Meta Quest 3 will favor better mixed reality over more immersive VR

Meta Quest 3 will favor better mixed reality over more immersive VR

Face tracking for Meta Quest at an affordable price may be a while off, according to Meta CTO Andrew Bosworth. He sees mixed reality as more important for a headset breakthrough.

Launched in October, the Meta Quest Pro is the first Meta headset to offer eye and face tracking. Eye tracking enables eye contact in social VR, better graphics thanks to foveated rendering, and new input methods, while face tracking provides more realistic avatars.

Because the XR headset costs around $1,500, the technology will only reach a few people for the time being. This low distribution, in turn, means that studios lack the incentive to include the features in their XR apps.

That could change as soon as gaze tracking and face tracking find their way into the Meta Quest's budget product line and become affordable.
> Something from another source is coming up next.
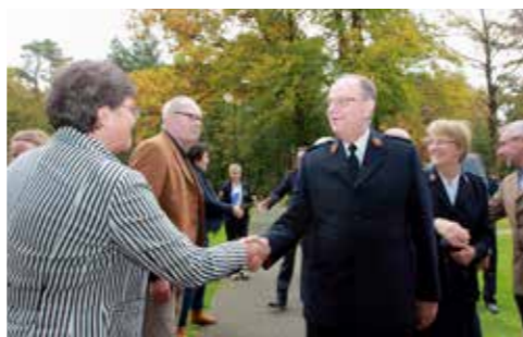
General André Cox and Commissioner Silvia Cox greet people at “The Connection” in the Netherlands.

The international leaders’ visit to the Netherlands concluded at a gospel celebration attended by 700 people, including the local mayor.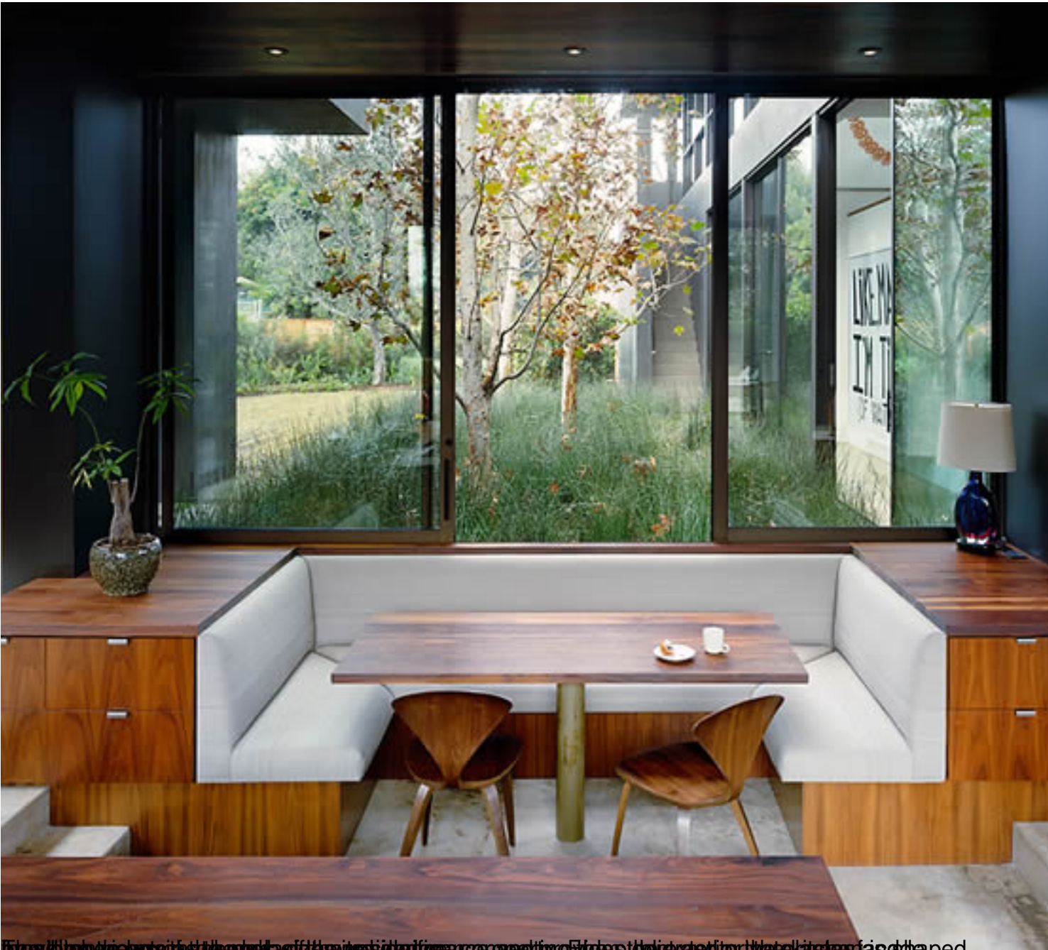
From the kitchen, the view of the residence opening from the east to the lake is framed by the built-in table and chairs.

Virtual Reality 2.o will still lack face tracking

However, Meta's chief technology officer rules out the possibility of this happening anytime soon. In his recent Q&A on Instagram, Andrew Bosworth says:

"It's gonna be a little while, it's gonna be years. The reason is simple: All those extra cameras and the compute power required to actually to do the face geometry and the recognition, a lot of trade-offs come with it and one of the main trade-offs is cost."
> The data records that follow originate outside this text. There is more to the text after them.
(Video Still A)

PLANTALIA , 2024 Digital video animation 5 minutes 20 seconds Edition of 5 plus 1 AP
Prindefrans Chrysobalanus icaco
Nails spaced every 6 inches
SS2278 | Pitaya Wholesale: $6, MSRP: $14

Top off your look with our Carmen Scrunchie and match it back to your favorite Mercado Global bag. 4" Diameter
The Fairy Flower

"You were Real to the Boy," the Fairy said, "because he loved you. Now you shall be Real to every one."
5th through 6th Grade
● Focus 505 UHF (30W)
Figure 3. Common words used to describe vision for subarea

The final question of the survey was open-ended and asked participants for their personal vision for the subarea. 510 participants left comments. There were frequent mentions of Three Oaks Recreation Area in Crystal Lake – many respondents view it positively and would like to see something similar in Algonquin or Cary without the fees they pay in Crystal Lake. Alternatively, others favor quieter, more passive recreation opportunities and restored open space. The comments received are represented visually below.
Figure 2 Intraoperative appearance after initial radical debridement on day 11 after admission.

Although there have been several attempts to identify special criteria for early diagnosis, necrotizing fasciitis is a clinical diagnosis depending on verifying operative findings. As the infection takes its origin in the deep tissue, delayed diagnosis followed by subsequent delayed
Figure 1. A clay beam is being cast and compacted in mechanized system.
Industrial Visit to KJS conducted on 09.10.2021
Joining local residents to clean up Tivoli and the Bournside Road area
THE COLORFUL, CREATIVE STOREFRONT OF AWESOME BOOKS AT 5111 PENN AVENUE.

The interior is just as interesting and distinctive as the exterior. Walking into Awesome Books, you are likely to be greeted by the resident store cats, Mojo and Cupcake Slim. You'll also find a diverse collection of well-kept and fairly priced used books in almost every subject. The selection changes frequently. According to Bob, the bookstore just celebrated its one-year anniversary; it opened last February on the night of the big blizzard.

For him, the essential technical features of Virtual Reality 2.0 include standalone character, mixed reality, and hand tracking.

Bosworth is likely referring to Meta Quest 3, which is due out this year. The leak of a Quest 3 prototype already suggested that Meta is placing a focus on mixed reality rather than eye and face tracking. Zuckerberg recently confirmed that Meta Quest 3 will feature advanced mixed reality.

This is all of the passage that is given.